§ **Supplied information**
____________

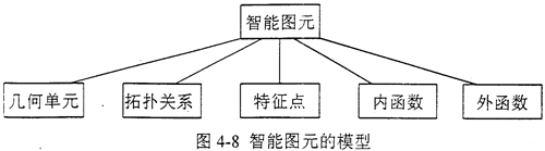 在系統(tǒng)實現(xiàn)中,智能圖元是一個典型的“類”的結(jié)構(gòu),包括幾何單元集合、拓?fù)潢P(guān)系描述、特征點集合、內(nèi)函數(shù)和外函數(shù)(見圖4-9),定義如下:
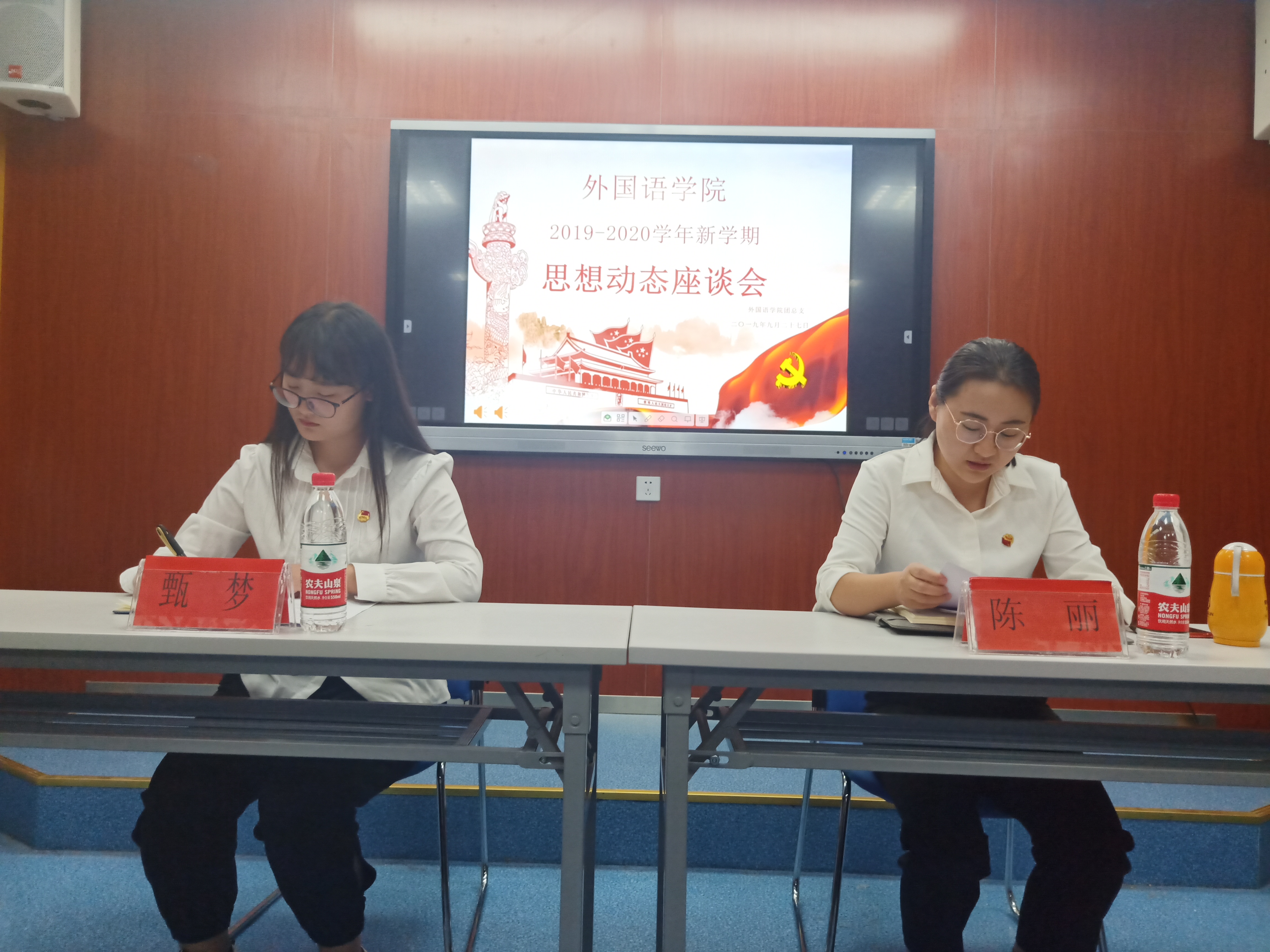 本网讯(通讯员:陈丽)为及时了解外国语学生新学期返校后的思想动态,掌握班级支部舆情,并安排部署新学期团学工作重点,9月27日中午,外国语学院召开了2019年秋季新学期学生思想动态座谈会,外国语学院团总支书记陈丽、副书记甄梦、各团支部书记、学生组织负责人等参加了会议。
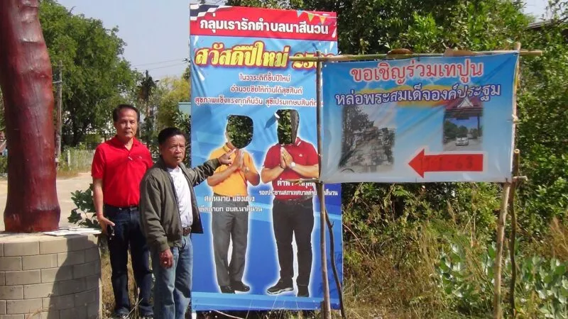 ต่อมาผู้สื่อข่าวได้ลงพื้นที่บริเวณข้างโรงเรียนบุ่งอุทัย ตำบลนาสีนวน พบนาย สมหมาย แข็งแรง อดีตนายกองค์การบริหารส่วนตำบลนาสีนวน อำเภอเมือง จังหวัดมุกดาหาร ผู้แจ้ง และได้บอกว่า ในกรณีป้ายอวยพรปีใหม่ อดีตผมเคยเป็นนายก อบต.นาสีนวนมาแล้ว แต่ก่อนต้องรองบประมาณจากส่วนกลาง และได้กระจายมาสู่ท้องถิ่น ผมก็อยากทำสิ่งที่ดีให้กับตำบลนาสีนวน แต่ในขณะนี้เดี๋ยวนี้ ผมไม่ได้ลงสมัครรับเลือกตั้ง แต่ในนามกลุ่มเรารักตำบลนาสีนวน ใกล้จะสิ้นปีแล้วก็เลยทำป้ายอวยพรปีใหม่ ให้พี่น้องตำบลนาสีนวน ให้อยู่ดีมีสุขหมดทุกคน ไม่ได้เสียดสีใคร ใส่ร้ายผู้ใด คิดอย่างเดียวว่า ใครก็ชั่งที่ทำแบบนี้แล้ว ความคิดของคนต่างคนต่างคิด ก็ไม่เป็นไร สุดท้ายคือการตัดสินใจของพี่น้องประชาชนตำบลนาสรนวนของเรา และได้ไปลงบันทึกประจำวันไว้แล้วที่ สภ.เมืองมุกดาหาร

____________

§ **Directions**
What is needed is a word-for-word copy of the lines from the start of the data to the line with "本网讯(通讯员:陈丽)为及时", inclusive, with no pictures in it.

§ **Your response**
 在系統(tǒng)實現(xiàn)中,智能圖元是一個典型的“類”的結(jié)構(gòu),包括幾何單元集合、拓?fù)潢P(guān)系描述、特征點集合、內(nèi)函數(shù)和外函數(shù)(見圖4-9),定義如下:
 本网讯(通讯员:陈丽)为及时了解外国语学生新学期返校后的思想动态,掌握班级支部舆情,并安排部署新学期团学工作重点,9月27日中午,外国语学院召开了2019年秋季新学期学生思想动态座谈会,外国语学院团总支书记陈丽、副书记甄梦、各团支部书记、学生组织负责人等参加了会议。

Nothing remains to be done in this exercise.